You mention that you will book, if you are certain of your dates, then book as soon as possible. Every day you delay, could cause the price to rise. Amtrak, like most hotels & airlines, increases the price for a room as the train sells out. But be certain of your dates, as cancelling will result in a 10% penalty if you cancel outright and ask for a refund. If you ask for a future credit, then you will get 100% of your money back, provided that you cancel prior to 7 days before the start of your journe.


----------



## trainrider623 (Jan 15, 2005)

Wow! It looks like I will have alot of fun on this train.

Thanks for the advice! I will book ASAP. I will have on carry-on and so will the person I am traveling with. Unfortunately I will not see the stretch in NY as I live in PA. I am glad to hear that the lounge is nice as I will probably be too excited to sleep so I will hang out there.

Fully-cooked to order for Breakfast eh? Thats really nice. How's the food? I hope it's good.

I am looking forward to my trip even more now that I have heard what you two have told me.

Thanks again!

Adam


----------



## dh127 (Jan 16, 2005)

I took the Lakeshore from Chicago to Buffao and back last year just before Memorial Day. It left Chicago an hour late. I think the explanation was they were waiting for the crew to arrive from Toledo. I thought they crew would be based in Chicago, but I guess I was wrong. They didn't have a dining car going east, but did have a lounge car further forward, and there was another car that had a lounge counter further back in the train.

I was in a Viewliner that was destined for New York, and I believe up front were other cars destined for Boston. I had just gotten back to Chicago from taking the Texas Eagle down to Texas. I liked the Viewliner car more than the Superliner on the Texas Eagle, although I liked the lounge car and diner more on the Eagle.

Leaving Chicago at about 8:30, it was dark, so after going through Chicago, there wasn't a lot to see. I woke up somewhere around Cleveland the next morning, and I thought it was interesting going past Erie to see the plant where GE makes locomotives. The Viewliner cars were assembled at Hornell NY which is about 20 miles from where I was heading, and the car attendant's wife was from a town about five miles from there, so I had to drive down to look at the plant. For breakfast going east they had a choice of items in the lounge type car. I'm not sure it was a lounge. It had coach type seats on the rear end, with two on one side and one on the other, so I suspect it was some sort of business class car. There was a food service counter in the middle, and some tables in the front end. I know I walked through about five coach cars to see the other lounge, and it was arranged differently.

It was an hour or so late getting into Buffalo going east, but that means instead of getting off at about 6:30 AM, it was more like 7:30 or 8:00 AM. That didn't bother me at all.

Coming back, it was supposed to arrive at Buffalo (Depew) at about 11:30 PM, but was delayed and arrived about 1:00 AM. There was a lot of activity on the tracks by the station though with quite a few trains going past while waiting.

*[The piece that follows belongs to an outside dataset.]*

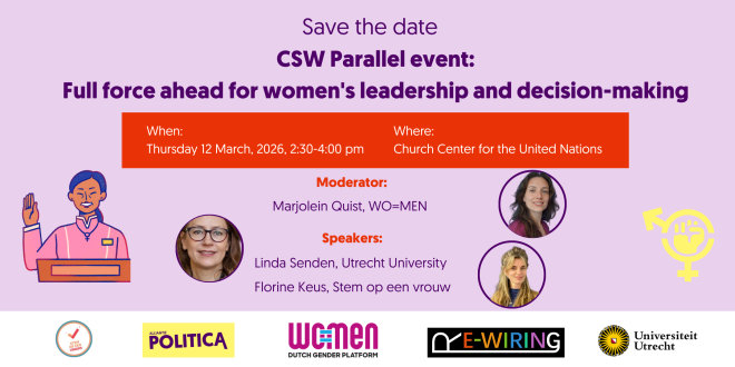 Datum: 12-03-2026Tijd: 14.30 - 16.00 uur (New York tijd)Locatie: UN Church Center, New YorkThis session is part of the CSW70 NGO Forum that takes place 9 - 19 March 2026 in New York simultaneous to the Commission at the Status of Women at the United Nations. It is organised by alliance Politica and RE-WIRING.

There was a small group of guys who had their scanners and seemed to know what trains they were, so it must be a good spot for watching trains. It was the CSX tracks going by the station, and not that far south were NS tracks. Coming back west, I vaguelly recall looking out the window the next morning and we were at Toledo, and later I recall noticing the South Bend station, but until getting into the Chicago area there didn't seem to be that much to see. Lots of railyards in the Indiana portion, plus some casinos along the lake, and it was interesting to see the skyline coming into view coming into Chicago.

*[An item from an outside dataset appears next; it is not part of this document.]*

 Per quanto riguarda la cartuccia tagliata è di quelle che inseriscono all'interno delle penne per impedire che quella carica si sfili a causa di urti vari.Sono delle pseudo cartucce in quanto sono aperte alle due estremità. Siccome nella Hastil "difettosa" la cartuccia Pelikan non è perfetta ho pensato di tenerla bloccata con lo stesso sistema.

I think I'd want to take that particular trip for the whole run to New York to see all of the scenary though, as the Chicago to Buffalo run is mostly at night with not that much to see. I think coming back it was maybe two hours late, so it got in around 11:00 instead of around 9:00. Since I was continuing onto Milwaukee it wasn't that much of a problem, as instead of taking the 11:20 to Milwaukee, I just waited for the 1:00. One advantage of living in a city with multiple train options between here and Chicago.

I was traveling alone, and going out slept in the top bunk of the roomette (it wasn't called a roomette last spring though). It was the same size as the lower bunk. Coming back they had already made the lower bunk up so I used that. Using the upper bunk left more room down below for moving, and it was easy to move the upper bunk up and down for more headroom. There was a dining car on the trip back west, and it had the usual menu choices, and was alright. I'm pretty sure it was a Heritage dining car, and it wasn't as spacious as the Superliner diner I had been on the previous week. It was a lot of fun though, and I'd do it again.

Have fun on your trip. dh


----------



## trainrider623 (Jan 16, 2005)

Do you remember stopping in Erie, PA, DH? I am just curious as to what type of station it is. The info on Amtrak.com is kinda vague as to actual service to the station. I would appreciate any details you can give.

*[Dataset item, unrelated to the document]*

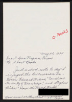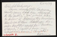Letter to C-SPAN, 1999-08-22; 67502 Desires to know if the Supreme Court case regarding flag-burning is available and disagrees that flag-burning is freedom of speech. -

Yeah the only thing I regret about living in Erie, PA is the fact that I will board at night and will not be able to see much. O well, depending on how this trip goes I woulod like to run the whole route all the way to New York and Boston.

I have done some reading on both Grand Central Terminal and Penn Station. Considering what I have read I would like to see both places and then maybe tour NY.

Hearing all of your different experiences about travel with Amtrak, I am getting more excited about my trip! One other thing, I was wondering if anyone could tell me what the stretch between ERI and CHI is like in regards to smooth or rough. Thanks!!


----------



## dh127 (Jan 17, 2005)

Trainrider, I recall going past Erie on the way eastward, but don't recall much about what the station looked like. I don't recall it at all heading back west, but I know I was asleep by then. Interestingly, the people who were sitting across from me in the diner the next morning had gotten on the train in Erie, and the fellow was familiar with where the GE locomotive plant was located.

I have this vaque recollection that there is a way in the official Amtrak website where you can pick a route, like the Lakeshore Limited, and for a lot of the cities, they have a link where you can click on the given station, and they sometimes have a picture, and it gives some information about what amenities are at the station, although some of the times shown can't be right.

dh


----------



## RichBohlman (Jan 17, 2005)

Check this site as it might give you the station pictures your looking for:

AMTRAK STATION PICTURE SITE

Hope this helped -


----------



## trainrider623 (Jan 17, 2005)

WOW Rich, Thanks!! I have lived here all of my life and have never even seen the station!!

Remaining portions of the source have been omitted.